→ **YOUR TASK**
What follows is a set of records; repeat them exactly, without the pictures.

BEGIN DATASET EXTRACT

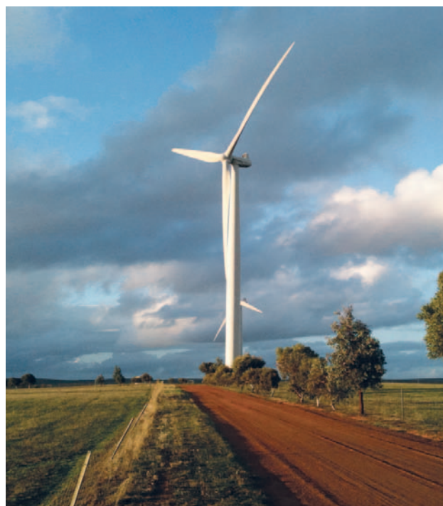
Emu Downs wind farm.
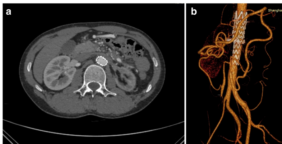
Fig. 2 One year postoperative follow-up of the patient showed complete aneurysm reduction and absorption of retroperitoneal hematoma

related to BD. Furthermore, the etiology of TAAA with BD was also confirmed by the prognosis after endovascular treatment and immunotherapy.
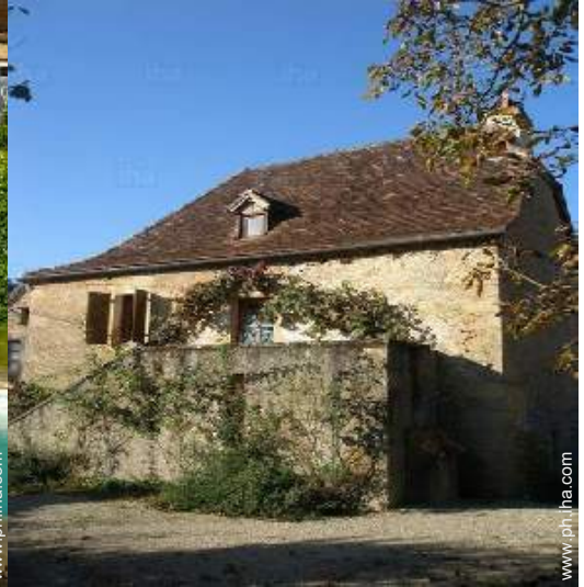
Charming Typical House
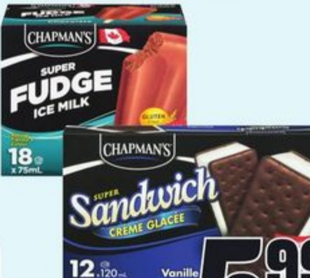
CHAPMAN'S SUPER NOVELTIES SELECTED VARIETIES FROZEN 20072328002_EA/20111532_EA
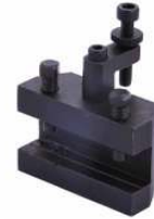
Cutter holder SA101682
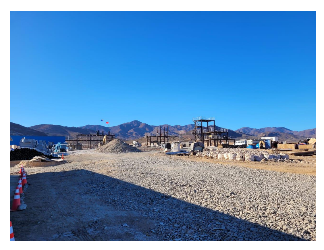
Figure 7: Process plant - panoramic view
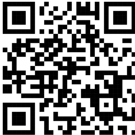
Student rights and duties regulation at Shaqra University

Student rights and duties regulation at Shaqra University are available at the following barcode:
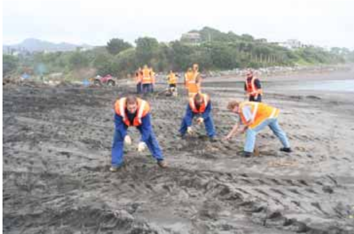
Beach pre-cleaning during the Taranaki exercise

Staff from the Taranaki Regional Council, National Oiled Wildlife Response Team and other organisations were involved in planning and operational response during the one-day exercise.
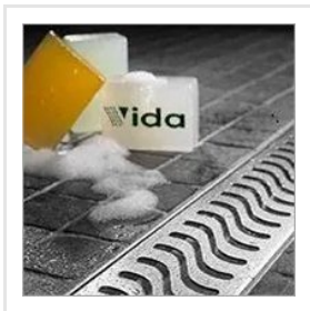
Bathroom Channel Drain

END DATASET EXTRACT

→ **WRITTEN RESPONSE**
Emu Downs wind farm.
Fig. 2 One year postoperative follow-up of the patient showed complete aneurysm reduction and absorption of retroperitoneal hematoma

related to BD. Furthermore, the etiology of TAAA with BD was also confirmed by the prognosis after endovascular treatment and immunotherapy.
Charming Typical House
CHAPMAN'S SUPER NOVELTIES SELECTED VARIETIES FROZEN 20072328002_EA/20111532_EA
Cutter holder SA101682
Figure 7: Process plant - panoramic view
Student rights and duties regulation at Shaqra University

Student rights and duties regulation at Shaqra University are available at the following barcode:
Beach pre-cleaning during the Taranaki exercise

Staff from the Taranaki Regional Council, National Oiled Wildlife Response Team and other organisations were involved in planning and operational response during the one-day exercise.
Bathroom Channel Drain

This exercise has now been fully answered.